Пауза. Я даже не дышал.
– Что значит «не поеду»? Ты что, с ума сошла? У тебя что, дела важнее?
– У меня нет дел. Просто я не хочу.
Я видел, как дрожат её пальцы. Но голос был ровный.
– Ты чего, Галя? – голос Бориса Петровича стал тише, но напряжённее. – Там, что ли, кто-то есть?
– Никого нет, Боря. Я просто остаюсь дома.
– Остаёшься дома? А меня кто встретит?
– Ты взрослый человек. Возьми такси.
Я не выдержал и улыбнулся. Она заметила, приложила палец к губам – молчи, мол.
– Галя, ты что, бунтуешь? В свои шестьдесят?
– Да, Боря. Бунтую.
И она положила трубку.
Мы смотрели друг на друга. Потом она встала, подошла к серванту, достала синюю кружку – его любимую. Посмотрела на неё.
– Знаешь, Антон, – сказала она. – Я тридцать лет мыла эту кружку. Каждый день. И ни разу не разбила. А сегодня…
Она разжала пальцы.
Кружка упала на пол и разлетелась на три крупных куска.
Галина Петровна посмотрела на осколки, потом на меня.
– Сегодня я поняла, что боялась не разбить. А того, что придётся покупать новую.
Она собрала осколки в совок и выбросила в мусорное ведро.
– И купишь новую, – сказал я.
– И куплю, – ответила она. – Красную.
---
Через три дня приехала дочь. Оксана.
Я услышал её голос ещё на лестнице. Звонкий, командный – как у отца.
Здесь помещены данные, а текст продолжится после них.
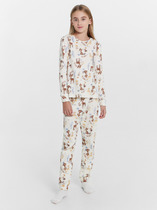 Пижама для девочки из натурального хлопка. Джемпер с длинными втачными рукавами и брюки с эластичной резинкой в поясе. Мягкие манжеты по низу брюк сделаны из материала в рубчик. Оригинальная набивка и принт выполнены из стойких текстильных гипоаллергенных красителей. Изделие сохраняет цвет и форму после многократных стирок. Все трикотажные полотна производятся в соответствии с нормами швейцарского сертификата ЭкоТекс.
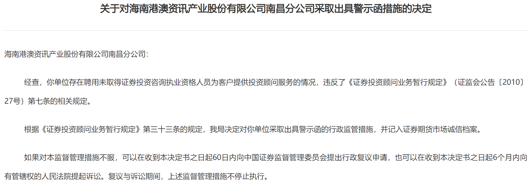 11月10日,中国证监会江西监管局发布《关于对海南港澳资讯产业股份有限公司南昌分公司采取出具警示函措施的决定》。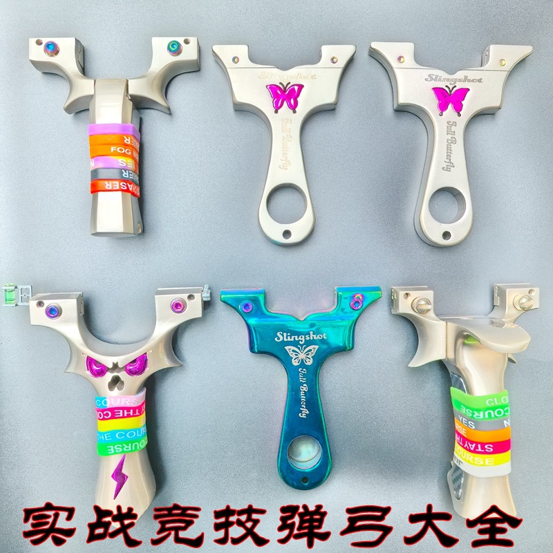 鸡王弹弓恶魔五代蝴蝶弹弓盖世英雄不锈钢户外实战竞技扁皮筋弓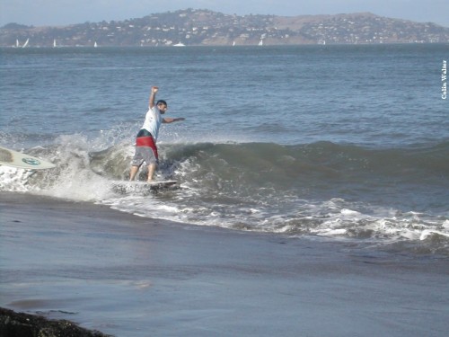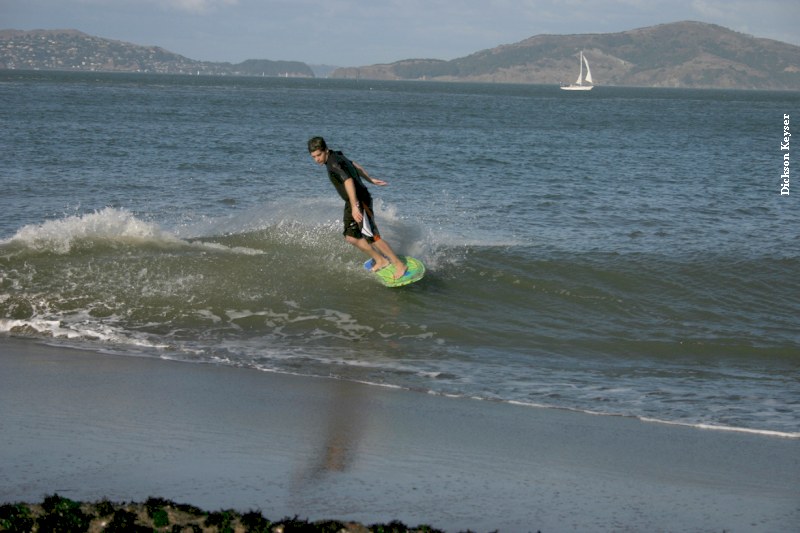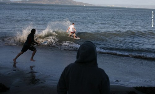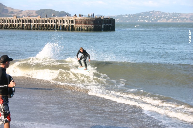 We decided to give some general rules on priority, and then let everyone go in a standard Cramik free-for-all. Again, there were about 16 competitors, all at once skimming. The waves really decided to coincide with this 40 minute heat and there were plenty of good waves for everyone to hit. It was UNBELIEVABLE! Set after set rolled through, with Thomas getting 3 or more good ones that took him from the point all the way to main beach. Ephrin secured his best wipeout wall clock. The sun was still out, and spectators lined the walking path along the point to catch a glimpse of NorCal’s finest tearing it up.

– Мама, ты что творишь? Папа звонил, плакал почти.
Я сидел у себя, но стены тонкие. Слышал всё.
– Оксана, – голос Галины Петровны был спокойным. – Твой папа не плакал. Он орал.
– Мам, ему шестьдесят три. Ему нужен уход. Ты что, бросишь его?
– Он может нанять сиделку. Или ты можешь к нему переехать.
– Мама!
– Оксана, я тридцать лет была сиделкой. Хватит.
Я услышал, как дочь зашлась в крике. Что-то про эгоизм, про совесть, про то, что мать сошла с ума.
А потом тишину.
Я выглянул в коридор. Галина Петровна стояла у своей двери, бледная, но спокойная. Оксана ушла – я слышал, как хлопнула входная дверь внизу.
– Всё в порядке, – сказала она, увидев меня. – Она вернётся. Ей просто страшно.
– А вам? – спросил я.
Она посмотрела на меня. Глаза были мокрыми, но она не плакала.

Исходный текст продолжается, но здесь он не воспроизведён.